Comments on Performance and Fee Structure (Part 2)
Posted by Mark on April 10, 2018 at 06:01 | Last modified: November 29, 2017 06:14Today I continue with discussion of some insightful comments to Dr. Mark Perry’s July 2014 blog post.
With regard to Tim’s Medley’s “baffling” comment, another reader writes:
> That statement is an outright lie or he’s extremely obtuse. I
> suspect the former. If anyone has worked in the financial
> advisory business, the possible reasons should be fairly obvious.
>
> The most obvious reason is that clients accounts are often highly
> customized to meet financial goals and specific needs. This means
I addressed the issue of SMAs here and here.
> each client will have different levels of risk assets, defensive
> assets, alternative investment exposures, socially responsible
> investments, single stock holdings and etc. You should not create
> a performance track record from a group of portfolios that all
> unique. The numbers wouldn’t be a fair representation of the
> performance of the financial advisor.
GIPS compliance is the way to track performance of SMAs. I think there must be some standardization but there’s plenty of wiggle room available and GIPS will track performance of all composites.
> That being said, financial advisors are mostly salespeople,
> who are better at schmoozing than investment analysis.

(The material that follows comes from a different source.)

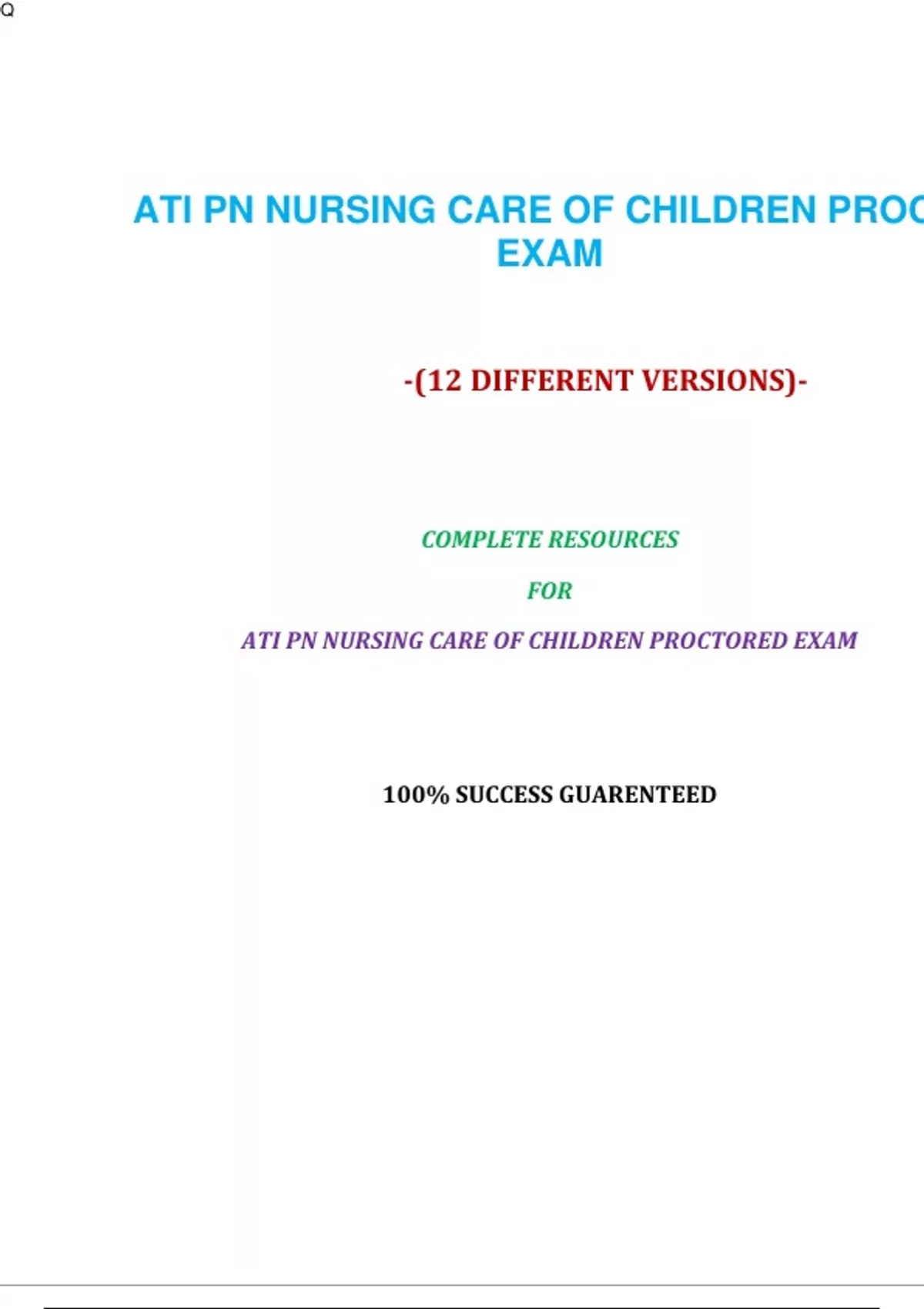 ATI PN NURSING CARE OF CHILDREN PROCTORED EXAM

I’m clearly not the only one who has picked up on this.*
> I would suspect that most performance would be terrible.
> If you add up all the fees, which include advisory,
> custodial, mutual fund, trading, and others fees, it
> can be in the 2-3% range…
This makes me more confident that my fee would not be excessive if I can outperform. While I believe in the fairness of performance fees (see footnote and its referent here), as a pure management fee I would begin consideration with 2%.
> Unless an advisor is a phenom (if [so then]… he/she
> wouldn’t be an advisor), a client probably will probably
> underperform the benchmark.
As mentioned in the Part 7 footnote, professionals capable of generating solid performance seem to be investment/portfolio managers rather than financial advisers. Legally speaking, though, they both fall under the IA(R) definition.
Another reader comments:
> “The numbers wouldn’t be a fair representation of the
> performance of the financial advisor”
>
> I agree. That would be like shopping for doctors by how
> many patients did not die. I don’t know how much I would
I believe that while the composition of patients may differ, mortality is a meaningful statistic given a large sample size.
> trust performance measurements that were not verified
> by a third party such as Morningstar anyhow.
Reputable verification services are not cheap but should be regarded as well worth the cost for credibility.